Pan Bagnat - Provencal cuisine inspired from Nice
Do you know Pan Pagnat? This means you can easily recreate Provençal cuisine. This is actually a sandwich specialty from Nice. In the 19th century it was a poor man's meal. Field workers took stale bread to the field. Plus leftover food. And tomatoes and olive oil. They dipped the bread with it. This softened over time and developed its flavor. They filled the “bathed bread” – that’s what Pan Bagnat is translated – with whatever else they had with them. That's why Pan Bagnat is also suitable for today Picnic.
This bread is very popular in Provence. However, I didn't get to know this dish from Provence cuisine on one of our trips, but in a Provence crime novel by Sophie Bonnet. In her novel Provencal intrigue * (Advertisement), her investigator Pierre Durant is so happy about the Pan Bagnat that his girlfriend is preparing for him that it made me curious. I went looking. Et voila! This sandwich is much more than that. It stimulates all the taste cells we have in our mouth. Tomatoes, herbs, olives, eggs, fish and more combine to create a real firework of flavors. I have to agree with Pierre Durant. This bread is worth the trip. And if it's a culinary excursion in your own kitchen, with ingredients like those in Provence.
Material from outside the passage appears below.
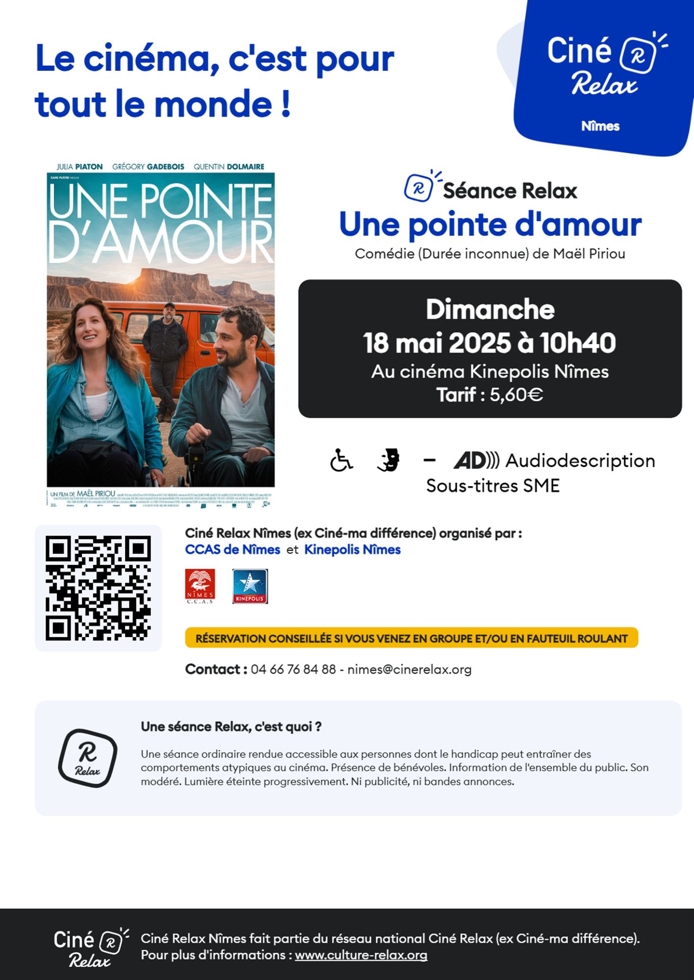 Le CCAS de Nîmes, en lien avec Madame Mylène MOUTON adjointe déléguée à l'Egalité, au Droit des Femmes, aux Handicaps, à la Lutte contre les Discriminations et à l'Aide aux Victimes, a le plaisir de vous communiquer la date de la prochaine séance "Ciné Relax" programmée au Cinéma Le KINEPOLIS

With this recipe you can prepare the bread yourself.
- Ciabatta or other hard white bread
- beefsteak tomatoes
- Broad beans
- a hard egg
- Tinned tuna or anchovies
- olive oil
- Black olives
- Green salad
- Fresh basil
Cut the bread in half. Hollow out the upper half of the bread a little.
Cut the clove of garlic and rub the bottom half of the bread with it.
Halve one of the tomatoes and spread on the bread halves. Sprinkle some olive oil over it.
Cut the onion, radishes and the egg into slices. Halve the remaining tomatoes and cut the halves into slices.
First put a few tomato slices on the lower half of the bread. Then you put lettuce leaves, radishes, onion rings and egg slices on it.
This is followed by the beans and a few pieces of tuna or anchovy. Finally, add a few olives and basil leaves.
Before you put the top half of the bread on top, season the whole thing with salt and pepper and drizzle it with a few drops of olive oil.
Then you wrap the pan bagnat in paper or cling film. The bread is ready for a delicious picnic.
Pissaladière - Provencal cuisine from southern France
I also know the second recipe from Provençal cuisine from the crime film Provençal intrigue. Investigator Pierre Durant eats this in a restaurant in the port of Marseille while waiting for his next appointment. As someone who likes to enjoy, he also thinks about the Pissaladière. Like the Pan Bagnat, the Provencal onion pizza originally comes from Nice. Similar to bread, this dish is a recipe from ordinary people's kitchens. The onion cake is eaten as an aperitif or - like Pierre Durant - as a small snack.
Pissaladière is prepared with few ingredients. The southern French pizza variant with onions, anchovies and olives tastes delicious. A Provençal dish as we like it. It has to be tasty, easy to cook and, best of all, come from international cuisine. Pissaladière fulfills all three conditions. Therefore we are happy to prepare them at home.
- 400 grams of flour
- a teaspoon of salt
- 130 milliliters of olive oil
- 200 milliliters of lukewarm water
- a pound of onions
- a clove of garlic
- five branches of thyme
- a pound of cocktail tomatoes
- Anchovies in oil
- 125 grams of black olives without stones
Knead the flour, salt, olive oil and water into a dough and then let it rest for an hour.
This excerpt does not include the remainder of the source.